HyperAI

Blood Routine Tests, Urine Tests and Other Indicators Can Identify Ovarian Cancer! Liu Jihong's Team From Sun Yat-sen University Led the Team, and Four Major Medical Schools Jointly Built an AI Fusion Model

特色图像

According to the "Guidelines for the Diagnosis and Treatment of Ovarian Cancer (2022 Edition)" issued by the National Health Commission, the annual incidence of ovarian cancer in my country ranks third among female reproductive system tumors, second only to cervical cancer and uterine body malignant tumors, and the mortality rate ranks first among female reproductive tract malignant tumors. Its 5-year survival rate is closely related to the stage of the disease at the time of diagnosis. According to data released by the National Cancer Institute of the United States, in the early local infection stage, the 5-year survival rate of ovarian cancer is 92.4%, while the 5-year survival rate in the metastatic stage drops to 31.5%.

The ovaries are deep in the pelvic cavity, and ovarian lesions are often asymptomatic in the early stages. When symptoms appear, patients with 70% are already in the late stages. Therefore, early diagnosis of ovarian cancer is of great significance.

5-year survival rates of ovarian cancer at different stages

Recently, Professor Liu Jihong's team from the Department of Gynecology at the Cancer Prevention and Treatment Center of Sun Yat-sen University, in collaboration with Southern Medical University, Tongji Hospital affiliated to Tongji Medical College of Huazhong University of Science and Technology, and Obstetrics and Gynecology Hospital affiliated to Zhejiang University School of Medicine, has conducted a study to address the current difficulties in early diagnosis of ovarian cancer and the lack of effective tumor markers.An artificial intelligence fusion model MCF for ovarian cancer diagnosis was constructed, and the risk of ovarian cancer can be calculated by inputting routine laboratory test data and age.The relevant results have been published in The Lancet Digital Health.

Paper address:
https://doi.org/10.1016/S2589-7500(23)00245-500245-5/fulltext#%20)
Follow the official account and reply "ovarian cancer" to get the full paper

Research highlights:

* The study collected data from three hospitals in my country and used a multi-criteria decision-making classification fusion (MCF) framework to develop the model

* The model is more accurate in identifying ovarian cancer than traditional biomarkers such as CA125 and HE4

* Study demonstrates the potential of a low-cost, easily available, routine laboratory test to be an effective diagnostic tool for ovarian cancer

Bringing together 3 hospitals, 10,000 patients, 98 related examinations and data

The researchers collected data from the Cancer Center of Sun Yat-sen University, Tongji Hospital affiliated to Tongji Medical College of Huazhong University of Science and Technology, and the Obstetrics and Gynecology Hospital affiliated to Zhejiang University School of Medicine between January 1, 2012 and April 4, 2021.Data on 98 laboratory tests and clinical characteristics of more than 10,000 patients (women with ovarian cancer and benign uterine adnexal lesions/normal physical examination).

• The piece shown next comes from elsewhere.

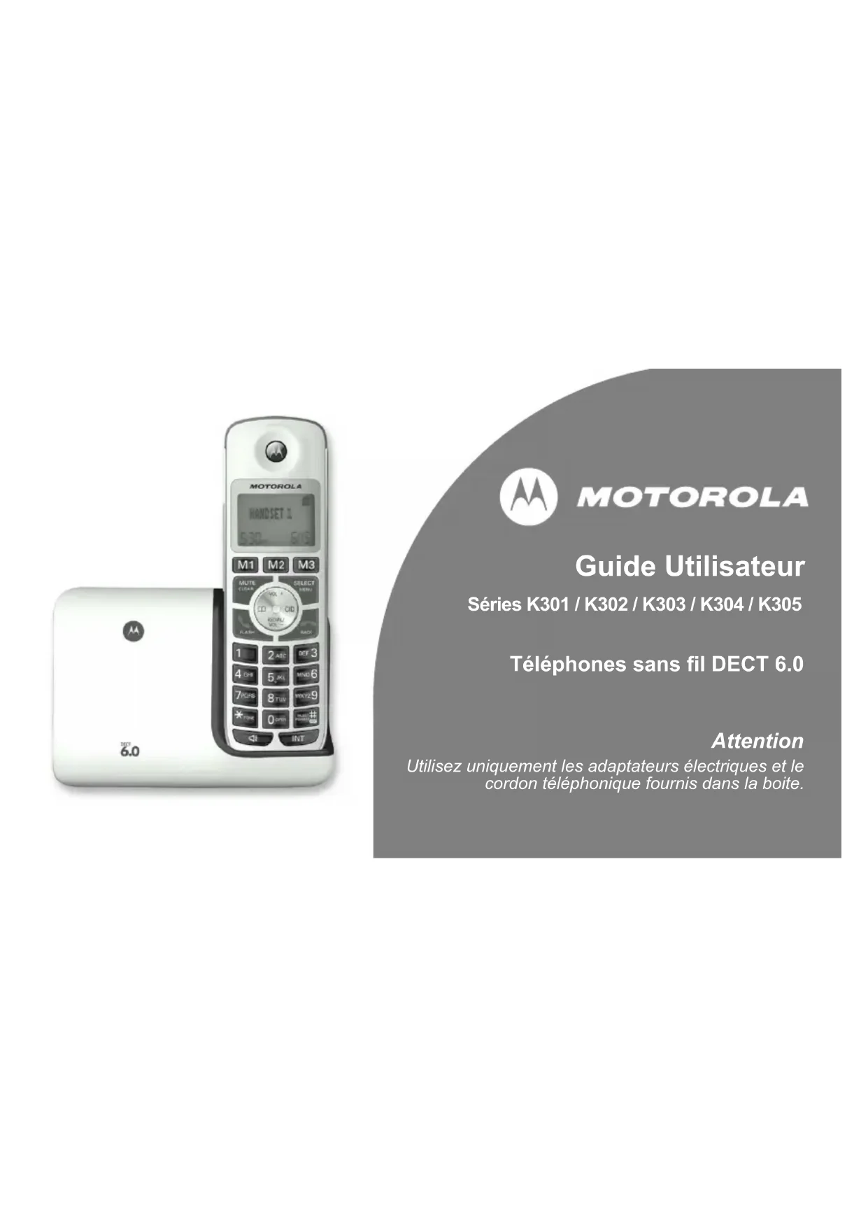 K301 - Téléphone MOTOROLA - Notice d'utilisation et mode d'emploi gratuit

The data of participants from Tongji Medical College of Huazhong University of Science and Technology (3,007 people in total) were selected as the training set, and five-fold cross-validation was performed on the training set. The two external validation sets were from Women's Hospital of Zhejiang University School of Medicine (5,641 people in total) and Cancer Center of Sun Yat-sen University (2,344 people in total).

MCF: Fusion of 20 base classification models

Research flow chart

The study recruited a large number of participants from three different regions of my country. The median age of ovarian cancer diagnosis in the three cohorts was 51-56 years old. However, large-scale data also brings some problems. For example, multi-center data are heterogeneous, which is not conducive to building a robust artificial intelligence model, and there are some defects, including a significant imbalance between the number of ovarian cancer patients and control participants, inconsistent units, and a large number of missing values (48.5% for the internal validation set).

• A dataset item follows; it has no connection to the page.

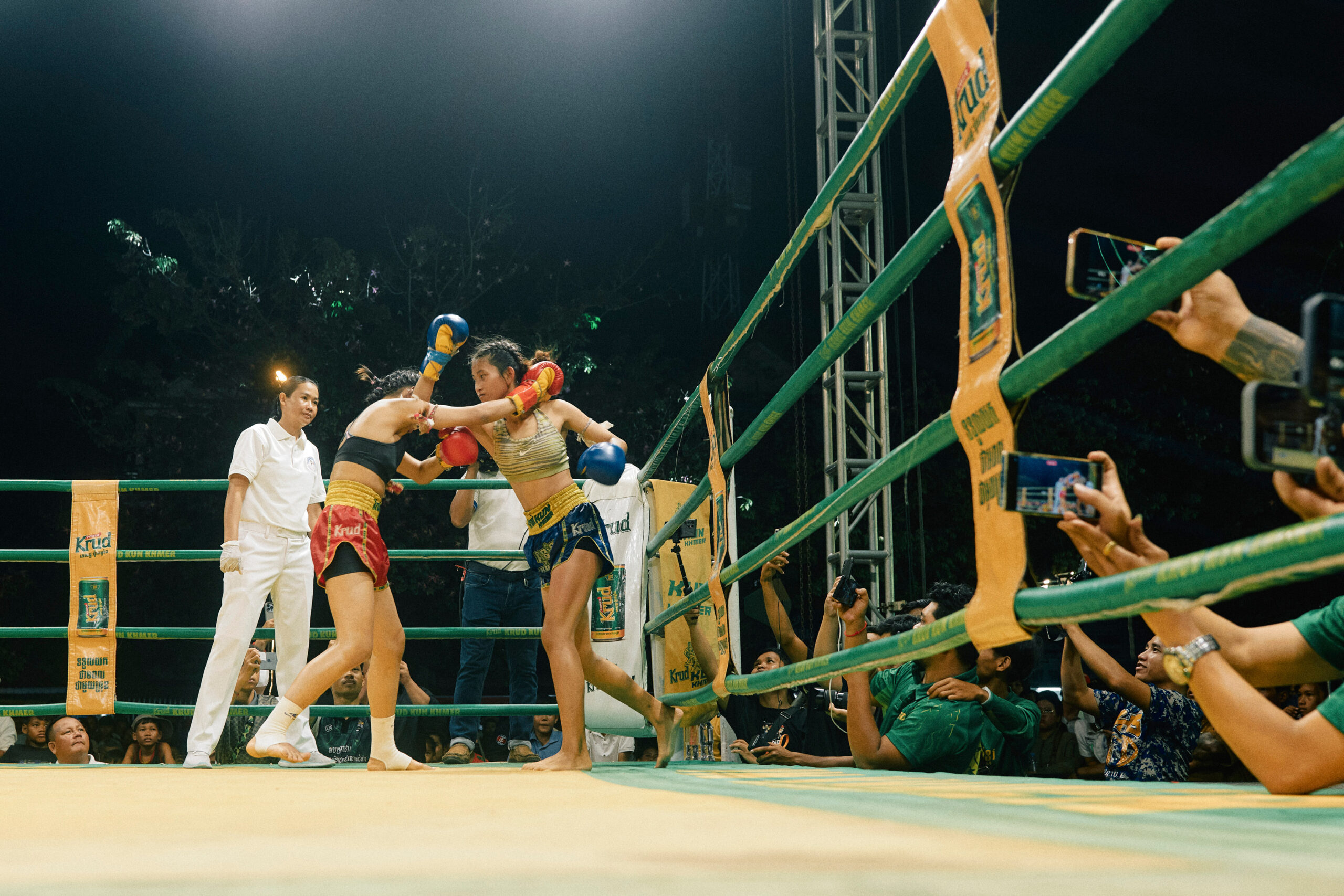 jeunes du village, « J’ai commencé avec ma fille, puis les autres sont venus ». Ici, peu de confort : baraques en tôle, dortoirs partagés. Souannita combattra bientôt au festival de l’eau. Comme beaucoup de jeunes cambodgiennes, elle rêve d’échapper à la pauvreté grâce à la boxe, sur les traces de Sam Taroth, star nationale et figure d’émancipation.

In order to solve these data problems and ensure the robustness of the model,The researchers did a lot of data cleaning work.include:

* When building the model, 98 laboratory test items were listed as candidate input features. For laboratory test items with different units, the units were unified.

* Missing data were imputed using the MICE (multivariate imputation by chained equations) algorithm.

* To reduce the differences in data distribution among institutions, the Box-Cox algorithm was used to reconcile the data, and then the data were normalized by min-max standardization.

* In order to solve the problem of data imbalance, an adaptive comprehensive sampling method is used with a balancing ratio of 0.5.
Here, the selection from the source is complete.